-- DATA RECORDS follows --

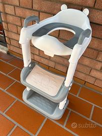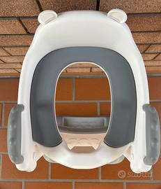Pratico riduttore per WC di plastica rigida con seduta in gomma. Colore bianco e grigio.
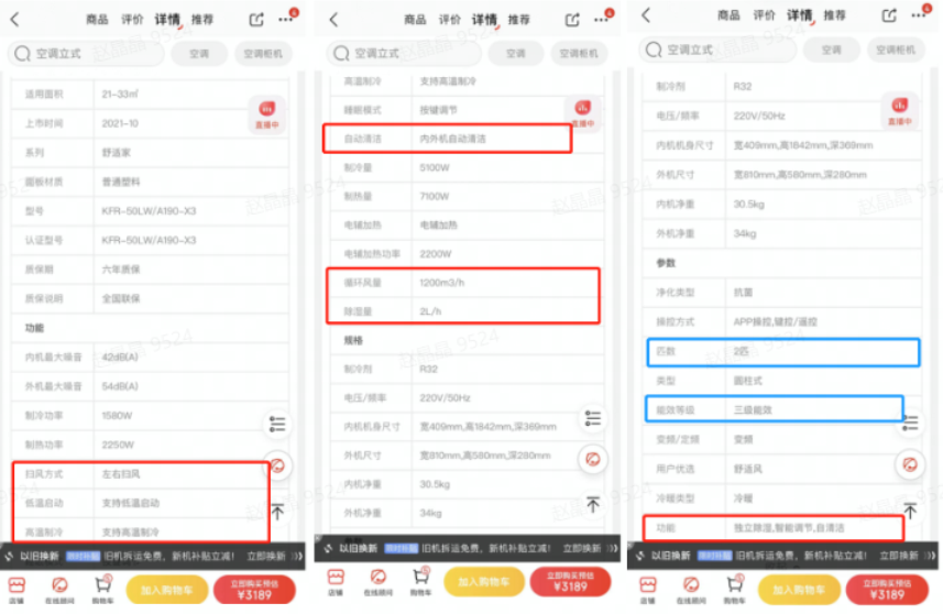 这点对于空调来说,同样可在详情页或者产品说明书上查询。
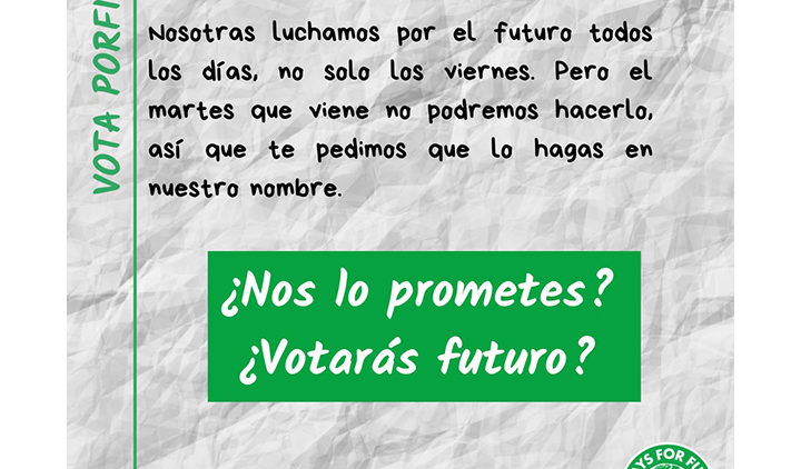 Este viernes 30, a las 12.30 hs, Fridays For future Madrid lanzó el hashtag #PrometoVotarFuturo “para pedir a los adultos de Madrid que prometan votar por nuestro futuro.” No vamos a hablar por ellos, porque ellos hablan muy bien por…
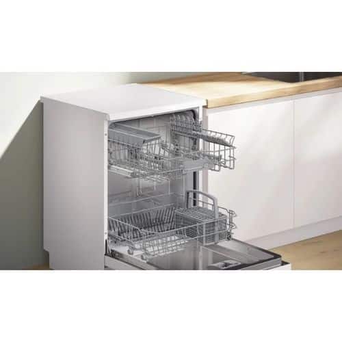 מדיח כלים רחב מבית Bosch, מסדרת Serie 2, עם קיבולת של 13 מערכות כלים. מדיח אמין, חסכוני ונוח לשימוש, בעיצוב קלאסי בצבע לבן, המיוצר בפולין ומבטיח איכות גרמנית ללא פשרות.
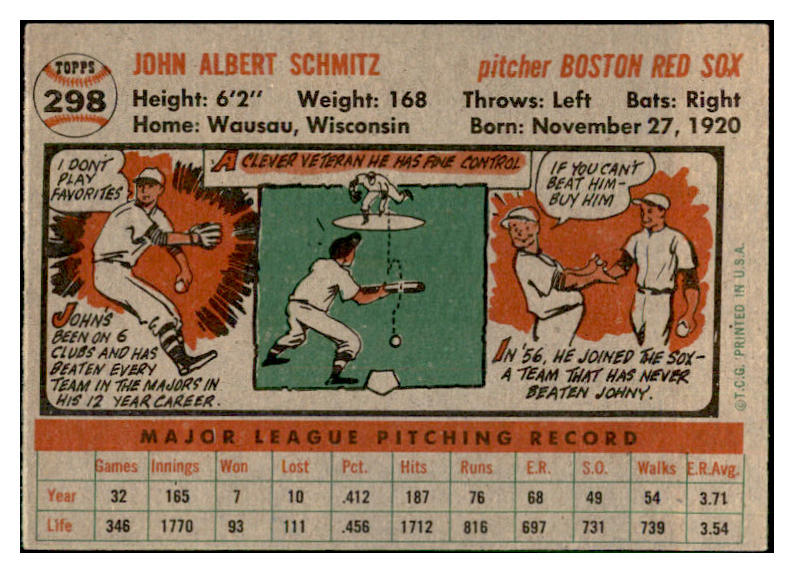 1956 Topps Baseball #298 Johnny Schmitz Red Sox EX-MT 535338
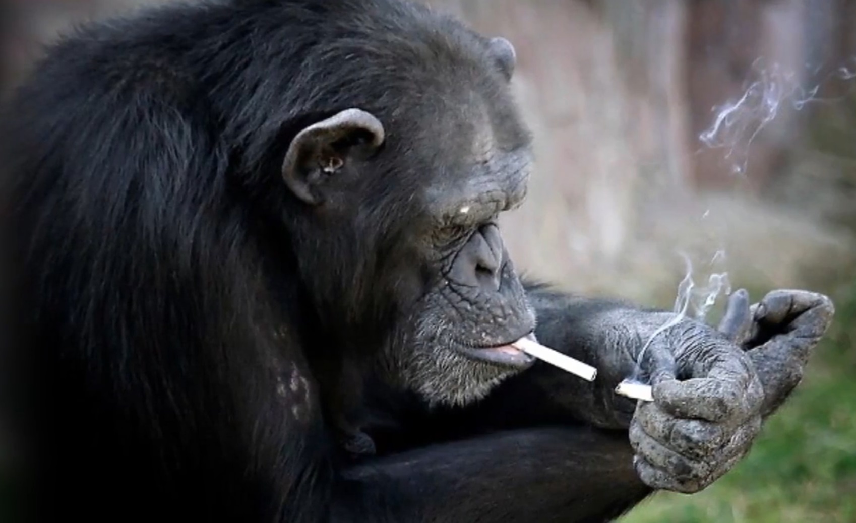 Dans l’une d’elle, un spectateur parvient à lancer une cigarette qui atterrit auprès d’un singe. L’animal récupère la clope, et se met à fumer le plus naturellement du monde, avant de se réjouir et d’inviter un de ses congénères à venir essayer.
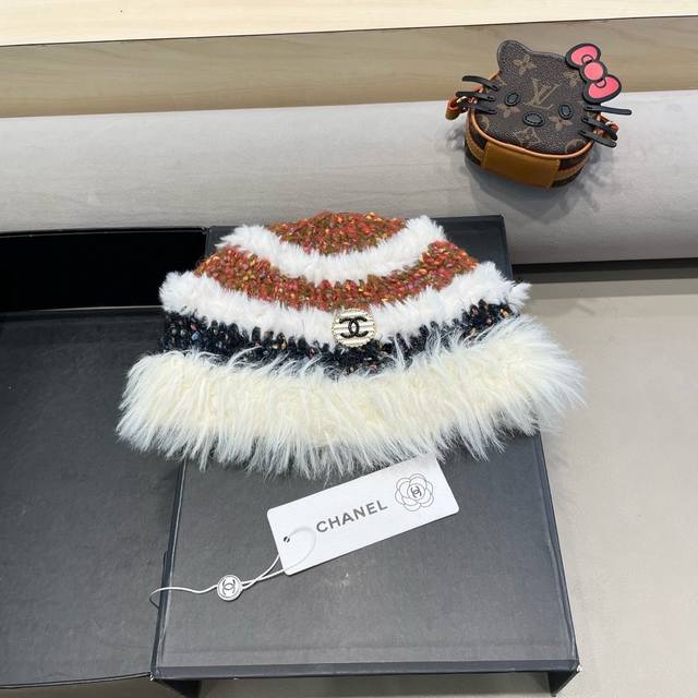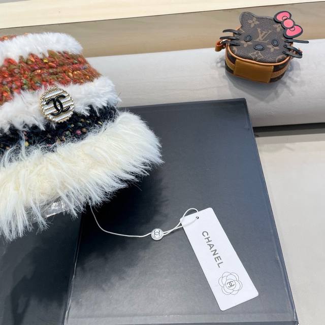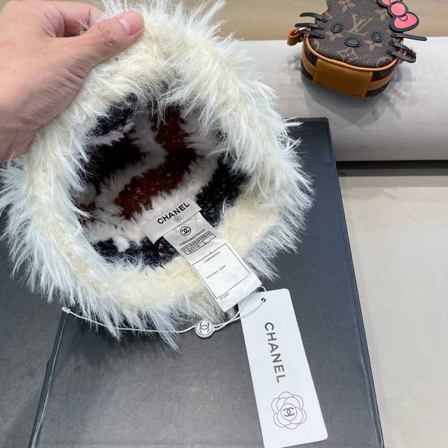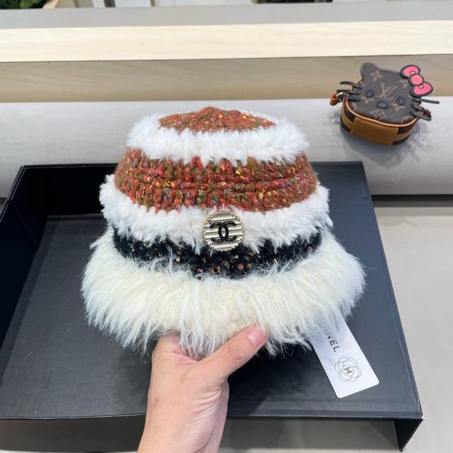 Chanel handmade crochet wool hat for women autumn and winter new style contrast color face small cold-proof warm plush knitted fisherman hat
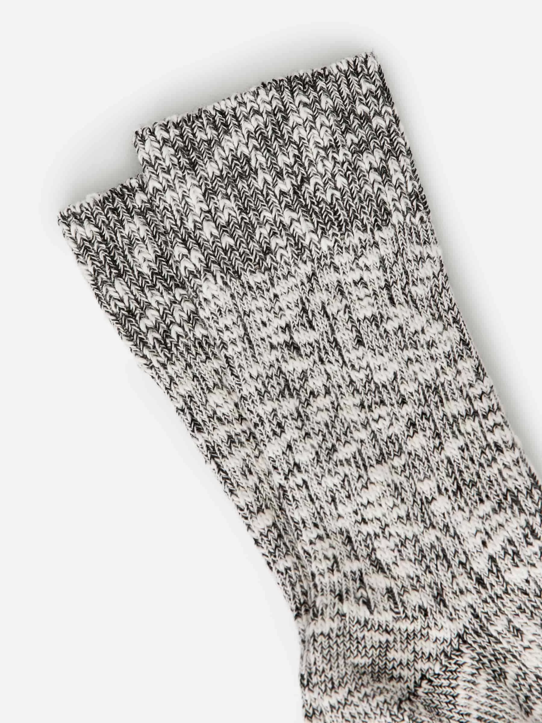 Klobige Socken im Rippenstrick aus einem unregelmäßigen Baumwollmischgarn.
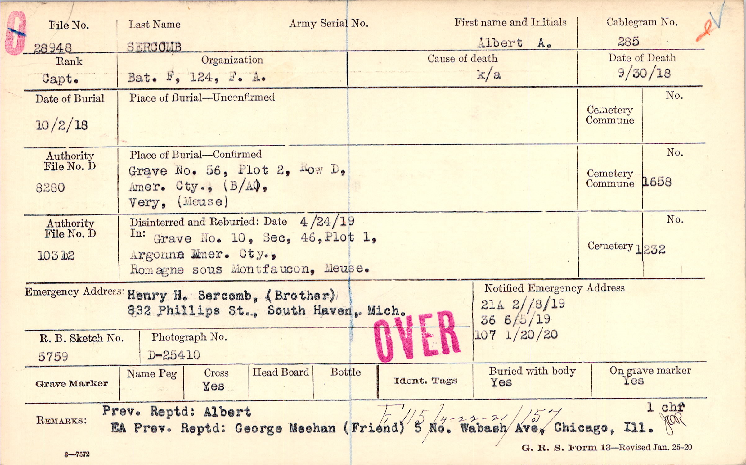 Henry H. Sercomb, (Brother), 832 Phillips St., South Haven, Mich.
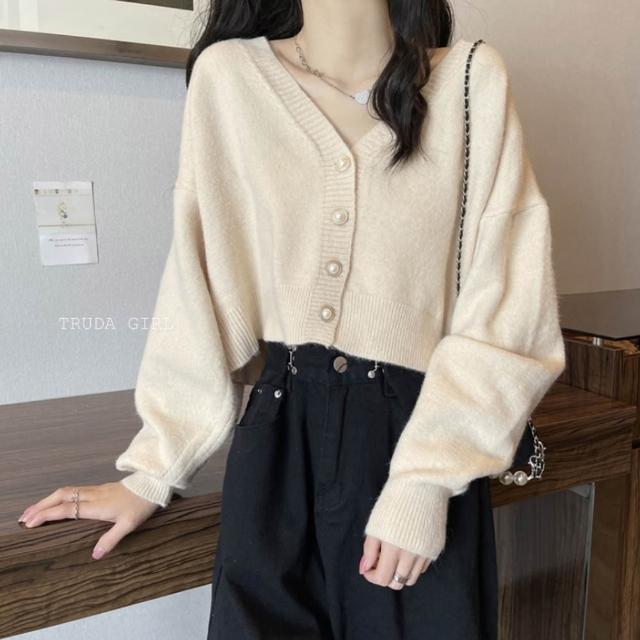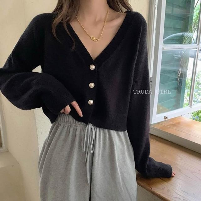 《杜達女孩》輕奢仿羊絨混紡珍珠釦短版針織外套 V領針織毛衣 短版針織外套 排釦毛衣 開襟外套 短版毛衣 長袖毛衣
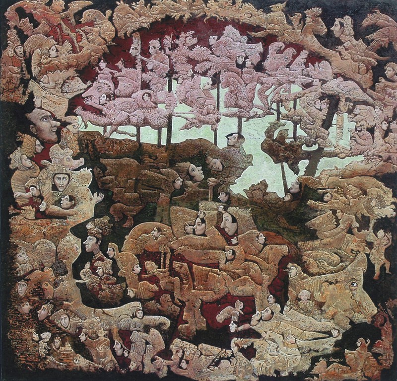 Le monde fantasmagorique d'Adèle Bessy... Face à ses Å?uvres, le visiteur est forcément ébahi en constatant la totale démesure de l'artiste. De véritables grappes humaines se bousculent sur la toile, se chevauchent, confrontent leur monstruosité, deviennent centaures, griffons...La précision du pinceau de l'artiste, la finesse du détail, le tout traité dans des couleurs de brun vert glauques, des ocres violacées, une gamme chromatique qui confèrent à son Å?uvre une puissance expressive tout à fait originale.
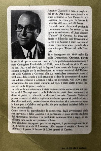 Antonio Guarasci (1918-1974) was an iconic figure of the Calabrian schooling system, culture and politics in the late twentieth century. As a teacher of Philosophy and History in the immediate post-war period, he experimented in teaching the progressive pedagogy of Dewey, who he met in the years of his imprisonment in the USA. As a professor, he directed his research on the history of modern and contemporary Calabria, participating in the renewal of contemporary Italian historiography. As a politician, he conceived his political activity in its original sense of service to the community, in accordance with the principles of social Catholicism. For all the activities carried out in his life, Guarasci’s legacy consists in his political and ideal heritage, that is duty of every Calabrian person to know and promote for the good of the entire community.

-- DATA RECORDS concluded --

Of the lines above, quote exactly those from the one with "这点对于空调来说,同样可在详情页或者产品说明书上查询。" through the one with "開襟外套 短版毛衣 長袖毛衣", ends included; pictures stay out.

- EXERCISE RESULT
 这点对于空调来说,同样可在详情页或者产品说明书上查询。
 Este viernes 30, a las 12.30 hs, Fridays For future Madrid lanzó el hashtag #PrometoVotarFuturo “para pedir a los adultos de Madrid que prometan votar por nuestro futuro.” No vamos a hablar por ellos, porque ellos hablan muy bien por…
 מדיח כלים רחב מבית Bosch, מסדרת Serie 2, עם קיבולת של 13 מערכות כלים. מדיח אמין, חסכוני ונוח לשימוש, בעיצוב קלאסי בצבע לבן, המיוצר בפולין ומבטיח איכות גרמנית ללא פשרות.
 1956 Topps Baseball #298 Johnny Schmitz Red Sox EX-MT 535338
 Dans l’une d’elle, un spectateur parvient à lancer une cigarette qui atterrit auprès d’un singe. L’animal récupère la clope, et se met à fumer le plus naturellement du monde, avant de se réjouir et d’inviter un de ses congénères à venir essayer.
 Chanel handmade crochet wool hat for women autumn and winter new style contrast color face small cold-proof warm plush knitted fisherman hat
 Klobige Socken im Rippenstrick aus einem unregelmäßigen Baumwollmischgarn.
 Henry H. Sercomb, (Brother), 832 Phillips St., South Haven, Mich.
 《杜達女孩》輕奢仿羊絨混紡珍珠釦短版針織外套 V領針織毛衣 短版針織外套 排釦毛衣 開襟外套 短版毛衣 長袖毛衣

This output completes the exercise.